Yes she is getting a lot of FaceTime around here! Having cell phones with apps to post quickly sure makes it easy to snap lots of pictures! It's not like When Damon and Keenan were little when we used an actual camera, upload them on the computer and pick the one we like. I still do that every once in a while. Niko has loved snuggling in bed with her most mornings why they wake up together.
Monday, April 27, 2015
Friday, April 24, 2015
First Sunday at church!
She made her debut at church and everyone was smitten by her! She was just too cute not to be! I had to take her out to feed her during sacrament meeting. Juan asked where I was going and I told him to get used to it. What a nice break to go rock and feed a baby with other moms while Juan wrestles with the other 3! I came back in rigjt before it was over and he was just layghing. Here he is 3 crazy boys, and the family behind us with 3 very quiet kids reading the friend and listening. Yep that's my family! Always loud and disrupting.
A Daddys girl Already
Juan has nicknamed her "Mad-Alyn" because she's mad a lot! But he loves this little girl like crazy! She spots him and recognizes his voice quickly! It's amazing to watch. She smiles for him everytime! She has finally started smiling for me now too!
A bad idea maybe...
I was so over going to and from the hospital and Keenan was on spring break, Damon at the child center still so I wanted to venture out with the boys to a park. I had intended to go to Washington Park by the zoo but my friend Kimberly said let's go to a park in Mcminnville. Terrible idea since I was already planning to go to the library to a minecraft activity and they were in completly differnt directions. But I had already let her down the other day. So I said yes and as soon as I did I regretted it! Why do I want to drive 45 minutes to a park opposite direction of where I want to go? But like I said I had already let her down. So off we went. I was about 15 minutes later then I told her. I get a text from her "I take it your bailing on me again" and that was it. I wanted so bad to turn around and drive home! I had a new baby that came home the day before and I was actually getting out and going places. Not only that but it had been a week and a half since birthing a baby! So I wasn't in a completly normal state. Why am I so bugged by this? But I am! And it still bugs me. I don't have time for a needy friendship. That's hard. I hardly have enough time for my own family! But we dis it and then we went to minecraft activity at the library. That was a disaster too. So many kids, not enough craft peices, and Adalyn needed to eat! I kept my cool and we just took it home and did it there.

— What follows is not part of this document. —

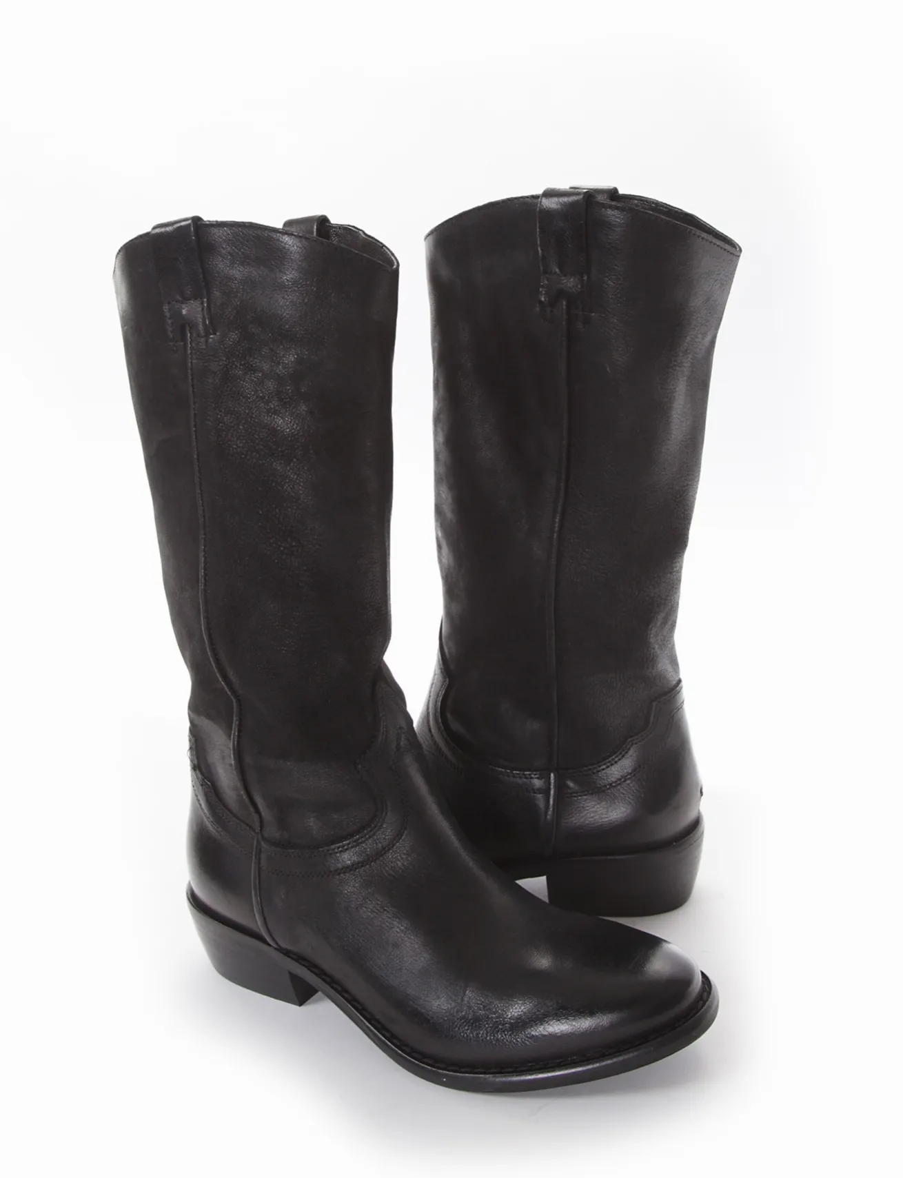 stivale texano tacco 3 cm, fondo in cuoio e soletto interno in vera pelle. Tomaia in morbidissima pelle nappata con punta arrotondata, gambale a tubo sotto il ginocchio.

My main thing I was worried about after having a baby was being inpatient with the other kids. I felt like I was starting to get a grasp on that part of my life and it would all start over again. I feel so blessed to have not had those feelings. I have tried to be patient and go on my clues of needing sleep and knowing when I'm going to lose it. Life with 4 is not any harder then it was with 3. Three was a hard adjustment.
Thursday, April 23, 2015
Easter
I have gotten used to the fact we don't have much family around and used to the fact that we have to create our own fun. And that means if I want to keep traditions going that means I need to make it happen. It would be so much easier to just not do anything but with kids that just doesn't happen! I am so grateful they made me get easter egg decor and for Vicky wanting to do an egg hunt also. We have David and Melissa cone over as well and we had a dang goof time! We had great food as always and as always too much! It was nice to have conference this year on Easter and not stress about getting ready and taking pictures! But at some point you just stop string to get pictures of the boys!